Love it or hate it, the horror genre has found a natural home on virtual reality (VR) headsets. No other entertainment technology has the ability to put you right in there with the screams and terrifying shadows. Yet horror has its nuances just like all the rest, whether that’s psychological, jump scares, gore, or just plain terror. Indie developer Red Limb Studio first tried its hand at virtual reality (VR) development with horror shooter The Purge Day, a basic scary wave shooter in 2016. The team decided to up the ante with its next project Rise of Insanity, creating a twisted psychological horror that’s definitely not for the faint hearted.
Rise of Insanity is your classic story driven adventure into madness, so it’s linear, very linear. If you like videogames that give you lots of freedom to figure things out for yourself, rather than being almost handheld then this isn’t the title for you. Rise of Insanity will suit those that do like a good horror style story and don’t mind the fact that exploration is kept to a minimum.
What’s notable to begin with is that Rise of Insanity isn’t a pure VR experience, VR support has been added, so it’s purely seated – there’s no crumpling to the floor when something scares you. Because of this it’ll say its best played with a gamepad or keyboard mouse. While the first is fine (if you have a gamepad) the second is definitely out of the question. Thankfully you don’t have to use either, as you’ll find in the settings menu motion controller options.
What this does mean however is that Rise of Insanity only includes smooth locomotion (there’s no teleport), with an option to switch on snap rotation if you need it. While it was perfectly comfortable with the standard settings some players may find just having smooth movement a little too nauseating, especially when things start turning dark.

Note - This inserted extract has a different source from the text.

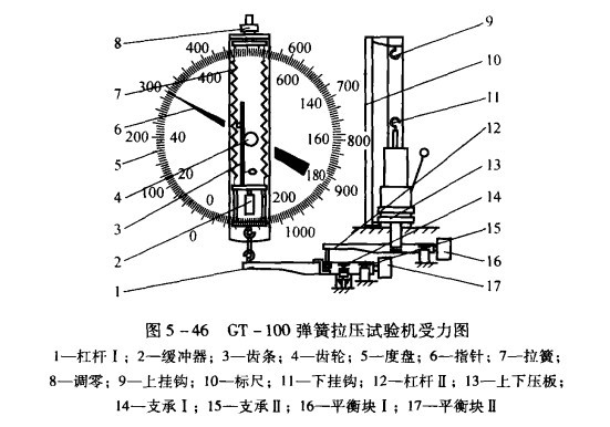 機(jī)械式彈簧拉壓試驗(yàn)機(jī)主要有兩種結(jié)構(gòu):a)量程可切換的拉壓試驗(yàn)機(jī) 以GT-100型為例,主要由試樣夾持機(jī)構(gòu),加荷機(jī)構(gòu),變形計(jì)量裝置和測(cè)力機(jī)構(gòu)組成。機(jī)座右邊裝有試樣夾持,加荷及變形計(jì)量機(jī)構(gòu)。左邊裝有彈簧式測(cè)力機(jī)構(gòu)及度盤。機(jī)座內(nèi)裝有傳遞杠桿及負(fù)荷變換機(jī)構(gòu)。機(jī)座支持在四個(gè)可調(diào)螺釘上,可調(diào)節(jié)機(jī)體水平度,如圖:

Rise of Insanity is set in a big old house with you playing as Stephen Dowell a doctor of psychology. In terms of gameplay it’s all about looking for items/clues that can help unravel the mystery of a family tragedy, with a few puzzles on route that really aren’t that difficult – find a key to unlock a door, or look for a code to a padlock. Due to the linearity of the experience there’s not a lot of items to actually interact with, and they’re all easy to spot as a hand indicator appears when you’re nearby.
What Rise of Insanity is good at is atmosphere. You spend the majority of the time alone so hearing the rain and wind rattle the windows, or the TV hissing away are classic techniques that work well. Bear in mind that Rise of Insanity has its fair amount of jump scares, some of which are obvious, others less so. They’re the type that do put people off playing these types of horror experiences but they do work great at getting the heart pumping.
Looking great in some scenes and rather basic in others, Rise of Insanity is still a solidly put together experience. The storyline, sound effects and voice acting are all of a decent quality, but the English translation on some of the in-game literature needs some work. Difficulty is virtually none existent so it’s a breeze to play through in around two hours. If you’re looking for a short, digestible horror then Rise of Insanity is a sound bet, just watch out for those rubber ducks.